Knowing where to put things.
That’s the gap we tried to tackle:
Given a few transparent illustrations and a slide layout, how can we help AI arrange those elements beautifully and deliberately — like a designer would?
This project started with a simple curiosity and grew into a full pipeline (and a paper, too). Here’s a peek into what we explored and learned.
Real Slides Are… Messy (and Kind of Underrated)
If you look at many presentation templates — especially the fun or creative ones — you’ll notice a common structure:
A clean background
Text zones
A few scattered illustrations (aka stickers) that feel dynamic and intentional
Examples from Canva
At first glance, it looks playful and simple. But ask any designer — getting those stickers to feel balanced, lively, and not chaotic is not easy.
There’s a real sense of rhythm and hierarchy under the hood.
So we asked:
Can a model learn this visual logic?
Slides enhanced with illustrations. The illustration layouts are generated by SlideILG.

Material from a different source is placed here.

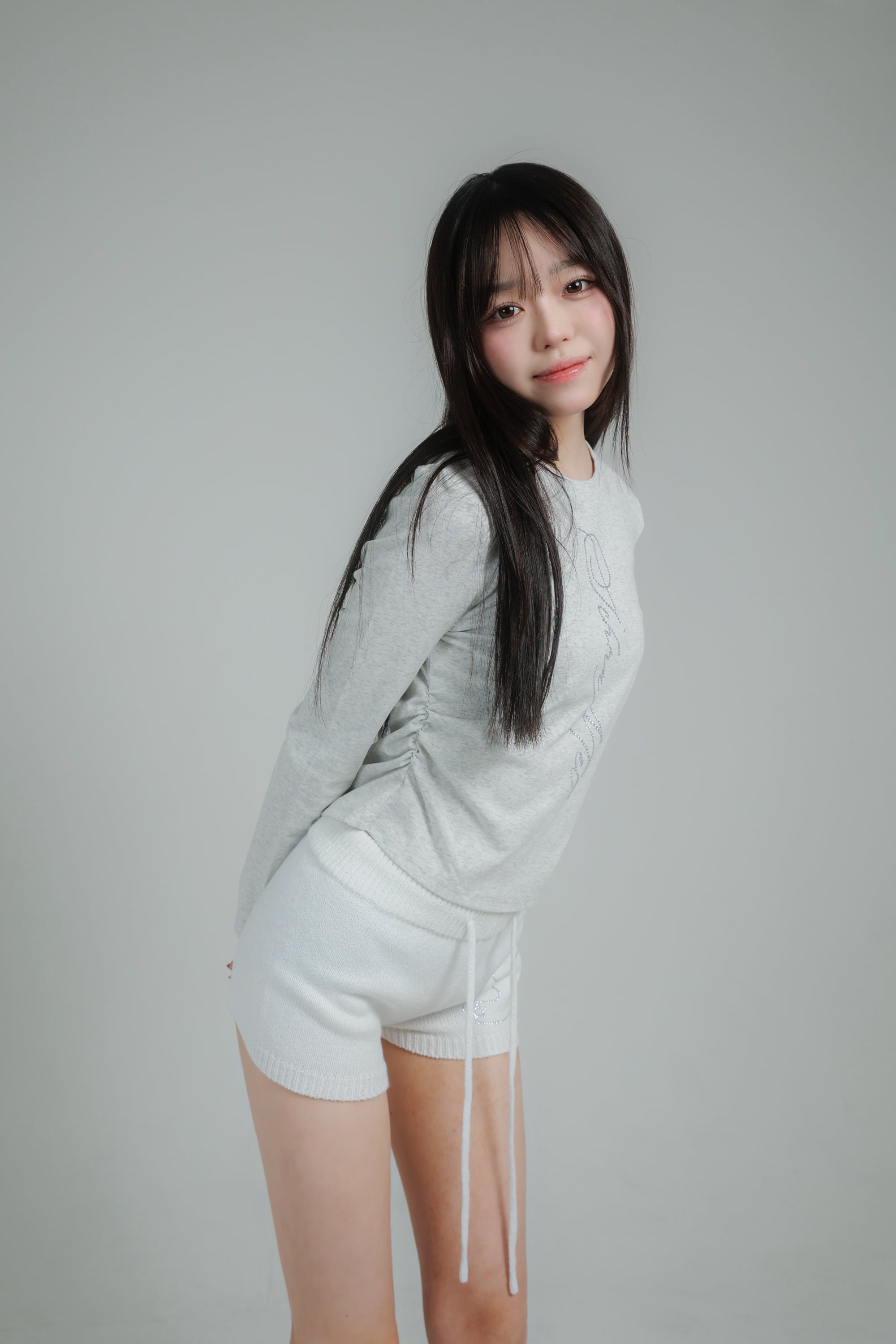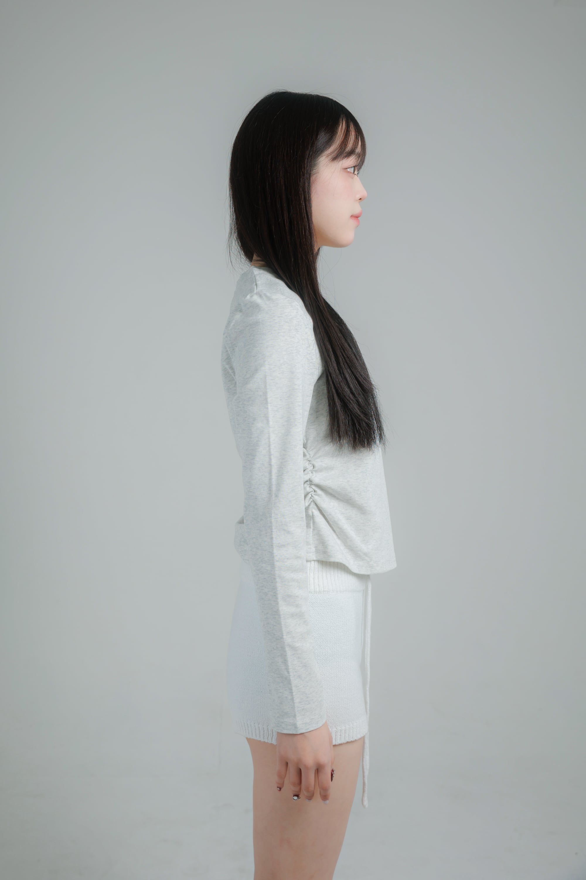 サイドにギャザーを施し、自然にウエストラインがきれいに見えるシルエットに仕上げました。

Why Existing Layout Models Didn’t Cut It
Turns out, traditional layout datasets and models weren’t really built for this:
They assume there’s only one visual focal point (like a poster)
They don’t account for multiple illustrations, each needing position, size, and sometimes rotation
The data is often outdated, too “corporate,” or overly simplistic
And training a model from scratch with high-quality slide layout data? Not exactly practical — the data is scarce, and licensing it at scale is expensive.
So we looked elsewhere.
Our Approach: Guide > Train
Instead of building a fully supervised model from scratch, we focused on guidance and optimization, using what’s already out there.
We built a layout pipeline with three main ingredients:
1. Smart Initialization
We used vision-language models to describe what the layout should look like (e.g., “put the bear on the bottom left”) and converted that into starting parameters.
Highlight 1: Start from a Smarter Layout Guess
2. Visual Feedback Loop
We applied a diffusion-based score distillation system (SDS) to provide pixel-level feedback — in other words:
“Here’s what looks off, here’s how to fix it.”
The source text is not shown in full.